- April 2023 Aorema attack: Part of Jihadist insurgency in Burkina Faso
| Date | April 15, 2023 |
| Location | Aorema, Yatenga Province, Burkina Faso |
| Result | Indecisive |

Belligerents
- Burkina Faso Burkina Faso Armed Forces; Volunteers for the Defense of the Homeland;: Jama'at Nasr al-Islam wal Muslimin

Casualties and losses
- 75+ soldiers and VDP killed (per Liberation) 6 soldiers and 34 VDP killed (per Burkinabe govt) 33 injured: ~50 killed (per Burkina Faso)

= April 2023 Aorema attack =

2023 battle in Burkina Faso

On April 15, 2023, jihadists from Jama'at Nasr al-Islam wal-Muslimin attacked a group of Burkinabe soldiers and civilian volunteers in the Volunteers for the Defense of the Homeland (VDP) near Aorema, Yatenga Province, Burkina Faso, killing at least forty soldiers and VDP and injuring over thirty others. The attack occurred a month after a massacre against civilians by JNIM in Aorema that killed fourteen. Following the attack, Burkinabe soldiers searching for the perpetrators of the April attack killed over 130 civilians in the Karma massacre.

== Background ==
Much of northern Burkina Faso has been the frontline of an insurgency waged by Jama'at Nasr al-Islam wal-Muslimin and the Islamic State in the Greater Sahara since 2015, with these groups intensifying their attacks on civilians seen as sympathetic to the government since 2019. These jihadist groups had been known to invade Aorema multiple times over the past few years demanding zakat.

On March 2, 2023, JNIM attacked a restaurant in Aorema, killing fourteen civilians.
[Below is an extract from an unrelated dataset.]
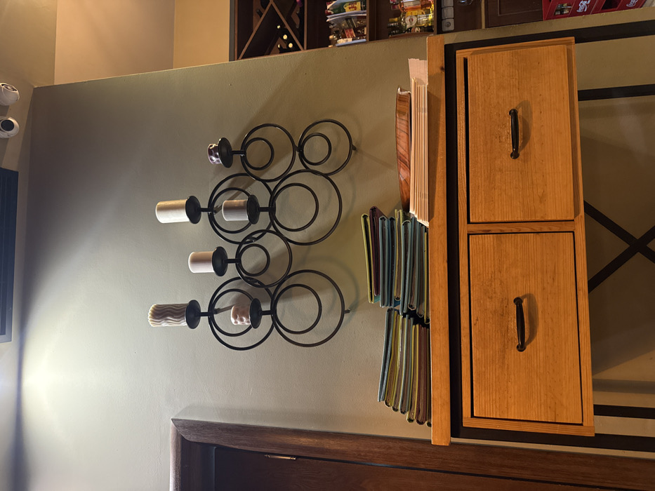 This is an interior, static scene located in Razlog, Bulgaria. The image depicts a light olive green wall under artificial illumination, which highlights a section of the upper wall. Mounted centrally on this wall is a large black metal candelabra, composed of multiple interconnected rings. It holds five candles of varying types: one cream-colored with a wavy texture, two plain cylindrical cream-colored, one shorter light pinkish, and one shorter dark purple/brownish. To the left, a portion of a dark wooden door frame is visible vertically. At the top right, near the ceiling line, a rectangular dark grey ventilation grille and two white dome-shaped security cameras are mounted. Below the candelabra, a wooden console table or sideboard with a dark metal frame occupies the lower half of the image. The table features two rectangular drawers with horizontal black pull handles. On the tabletop, two distinct stacks of multi-colored booklets or menus are present on the left side, exhibiting covers in shades of green, blue, maroon, and brown. To the right of these, a stack of white rectangular papers is topped by a light-colored, oval-shaped wooden or ceramic tray. In the background on the far right, a shelving unit, likely a wine rack, is partially visible, stocked with numerous bottles, including what appear to be wine and various liquor bottles such as Absolut Vodka and Captain Morgan. Below this unit, a red Coca-Cola crate is partially visible. No individuals are present in the scene.

The massacre prompted Burkinabe authorities to establish a curfew until March 31. Jihadists from JNIM's rival group ISGS killed 44 civilians in the Kourakou and Tondobi attacks in Séno Province, which neighbors Yatenga.

== Attack ==
At around 4pm on April 15, JNIM fighters attacked an outpost in Aorema manned by Burkinabe soldiers and VDP. The detachment was intended to man the aerodrome at Ouahigouya. Burkinabe officials reported that forty people were killed in the attack and 33 were injured. Of the dead, six Burkinabe soldiers and thirty-four VDP were killed, and most of the thirty-three wounded were evacuated to the Regional University Hospital of Ouahigouya in a stable condition. The Burkinabe government statement also mentioned that around 50 jihadists were killed in an aerial response.

A report by Libération stated that security sources in the region assessed that over 75 soldiers were killed in the attack, the majority of which were VDP.

== Aftermath ==
The International Crisis Group attributed the attack to JNIM. The attack also fueled the Karma massacre on April 20, where Burkinabe soldiers of the Rapid Intervention Brigade went door-to-door in the village of Karma, seventeen kilometers away from Aorema, and shot indiscriminately at civilians. 157 civilians were killed in the massacre.